Wednesday, November 30, 2016

Review: Downed by Jen Frederick

Title: Downed
Series: Gridiron #3
Author: Jen Frederick
Release date: December 1, 2016
Cliffhanger: No
Rating: 4.5 stars


He’s the guy no one likes…

Despite winning two national championships, JR “Ace” Anderson was sent packing from his old school after losing the trust of his coach. At Southern U, he has a second chance to prove that his college legacy isn’t endless debauchery and selfishness. But his reputation precedes him, and his teammates offer a chilly welcome in the locker room. The one person who is willing to accept him is the very woman he should stay away from—his new coach’s daughter.

She’s the girl everyone loves…

Bryant Johnson’s only goal in life is to make others happy, even at her own expense. One look at her father’s new star quarterback, and she knows that Ace is her next project. With a reputation for being a “jerk whisperer”, Bryant has spent her last three years at college reforming sorry behavior and turning bad boys into the best boyfriends ever. In Ace, though, she’s met with surly resistance and a sizzling attraction she doesn’t expect. Fixing this wounded warrior will be her biggest challenge yet. Not falling for him will be even harder.

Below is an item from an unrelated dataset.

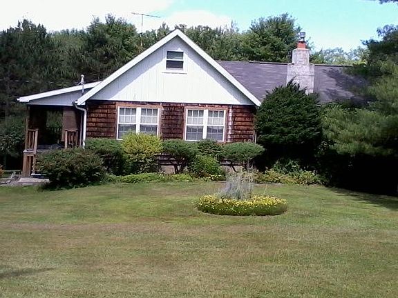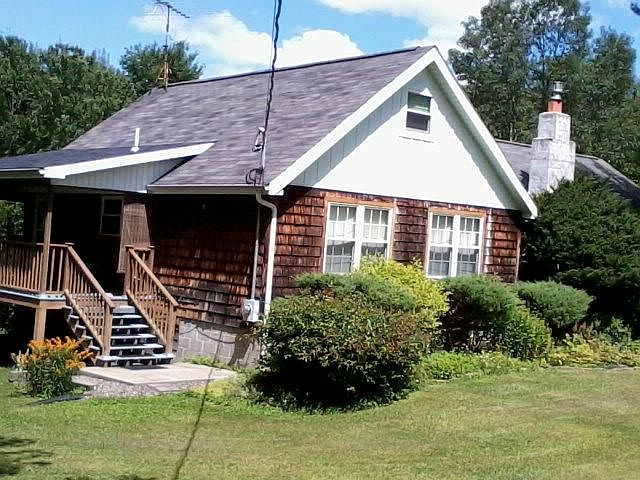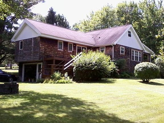 Country living w/4 BR - 2 full baths - one bath is updated - rear roof replaced 2015 - family room with cathedral beamed ceiling & stone fireplace - gas heated - walk in closets - 2 decks - eat in kitchen - well pump is newer. Enjoy sitting on your covered porch in your private peaceful setting. A MUST SEE !!
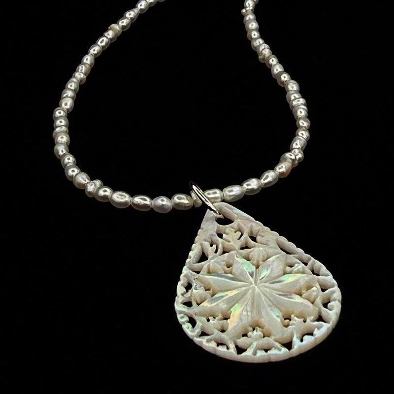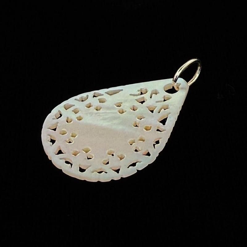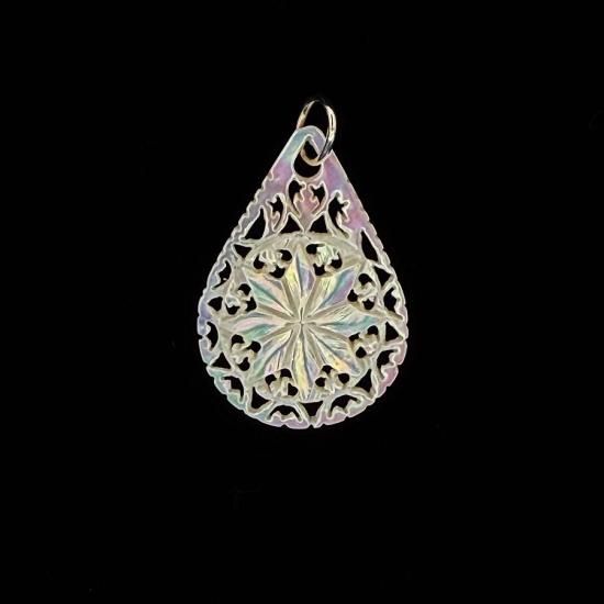涙型のデザインの中に八芒星が彫られた人気のベツレヘムパールのチャームです。

Between her big heart and his damaged one, a battle is ensuing. In this game of love, every defense will crumble.

Well, well, well. Jen Frederick has made a believer out of me. If ever there was a character who was ripe for readers to hate, it was JR "Ace" Anderson. Lucy's childhood best friend is an all-around asshole and traitorous douche. He was a major user of women, and he stabbed Lucy in the back. Not to mention, he's not the most pleasant person. In fact, he's downright cold and selfish. At least, that was the consensus in the past. Could he be redeemed? The answer: absolutely, and with flying colors.

This is most definitely an opposites attract NA romance. These two are the epitome of wrong for each other in every way. She's bubbly, outgoing, and popular. He's a social pariah, angry, and rude. But when you think about what drives their personalities they have more in common than you would originally think. He has major "daddy issues", on one hand despising him and the other hand struggling not to follow in his parent's footsteps.

As much as she seems to have it all together, Bryant is also influenced by a family member. Her fear of getting hurt and taking her sister's tragic path pushes her to hold men at a distance and not allow them access to her heart. And she puts on a veneer of happiness and zen when in actuality she is still locked in memories of the past. Memories of what caused her sister's destruction.

I’ve laughed when I haven’t felt like laughing. My parents need to know I’m okay at all times, otherwise their fears and worries might devour them and send them back to the dark place we were all in three years ago.

It's her decision to make Ace her newest project that starts them on a crazy, whirlwind relationship that will have you wide-eyed at her audacity on more than on occasion. Their first brunch?? The poor boy didn't know what hit him. He was confused, frazzled, and had no idea how to take this southern hurricane with the impeccable manners.

For the greater good of womankind, Bryant makes it her mission to take on a guy she deems struggling and turn him into the perfect boyfriend material. Not for herself of course, but for others willing to reap the spoils of her hard work. I'm not going to lie, I had a fear in the beginning that after Ace started falling for her, her fake relationship goals would blow up in her face later. Thankfully, there was no drama connected to that. Actually, it resolved from a much different angle than I had anticipated. And I mean that in the best way.

In the beginning of the book, Bryant plainly holds the power. She's steering Ace where her vision for him will reach its end goal. But after a few highly provocative and passionate encounters with him, she's left shaken and unsteady. He grows in confidence as hers slips away, and this power struggle was absolutely necessary in my opinion. He helps her look inside herself, to see all the fears she was trying to suppress and makes her face them. In the end, they both grew and matured. Became more confident, strong individuals who fit each other more flawlessly than I ever would have imagined.

Once upon a time, I probably would’ve been a man who’d hurt her, but not anymore. Now I’m the one who’s going to love her.

I'll be the first person to admit that I had serious doubts as to whether or not I could ever like this hero, let alone love him. He didn't magically get a personality transplant overnight that's for sure. Or at all, and that's what I really appreciated. His transformation was gradual and very naturalistic. And even when he became a better man, he still retained some of his rough tendencies. But he was also caring, strong, determined, and protective towards her. If you have your doubts, cast them aside and give this a shot. I think you'll be very pleasantly surprised.

I had no idea I'd fall in love here at Southern. I hadn't come looking for it, that's for damn sure. But I don't regret it. All of the acts of my past—both good and bad—led me to her.